» **Data section**:
━━━━━━

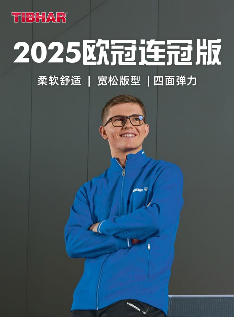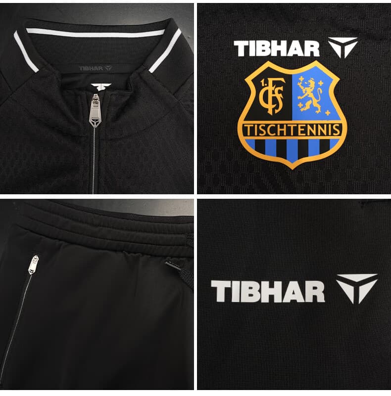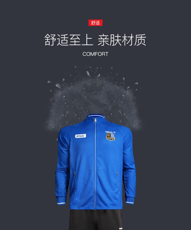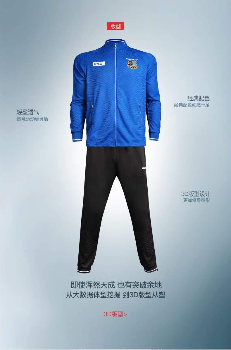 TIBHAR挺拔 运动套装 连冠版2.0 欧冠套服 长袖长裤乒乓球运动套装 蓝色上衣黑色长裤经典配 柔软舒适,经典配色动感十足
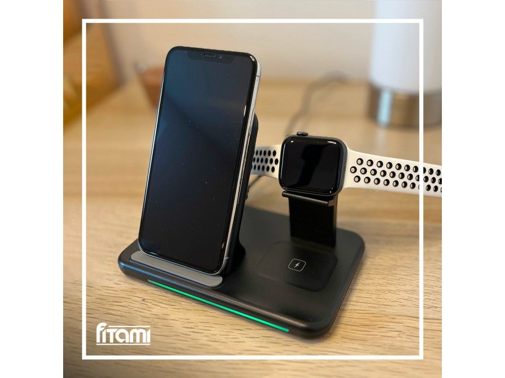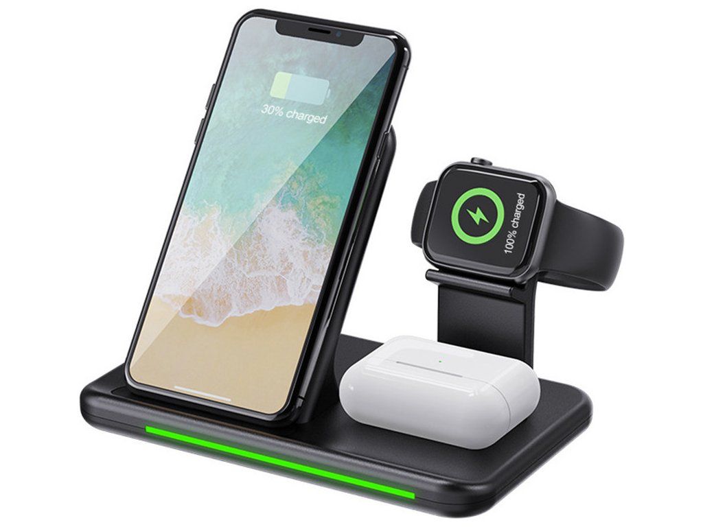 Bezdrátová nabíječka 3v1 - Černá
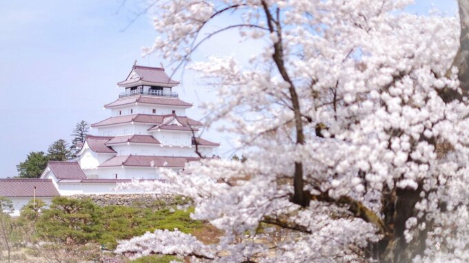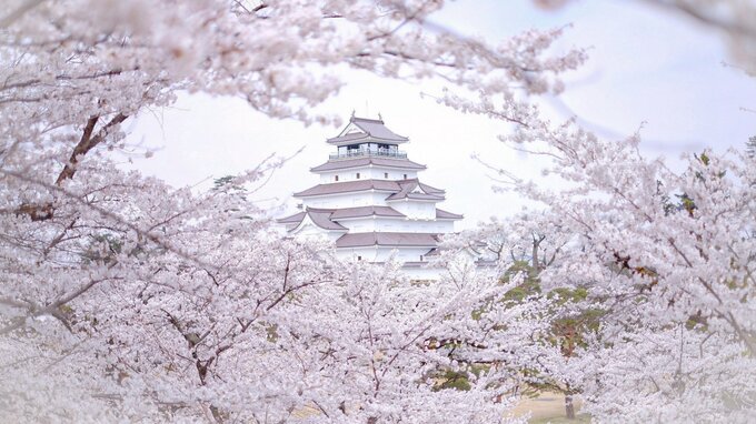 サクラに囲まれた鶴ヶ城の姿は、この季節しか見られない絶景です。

━━━━━━

» **What is expected**: In the data above, find the line containing "Bezdrátová nabíječka 3v1 - Černá", then output it and every later line exactly, without the pictures.

» **Output**:
 Bezdrátová nabíječka 3v1 - Černá
 サクラに囲まれた鶴ヶ城の姿は、この季節しか見られない絶景です。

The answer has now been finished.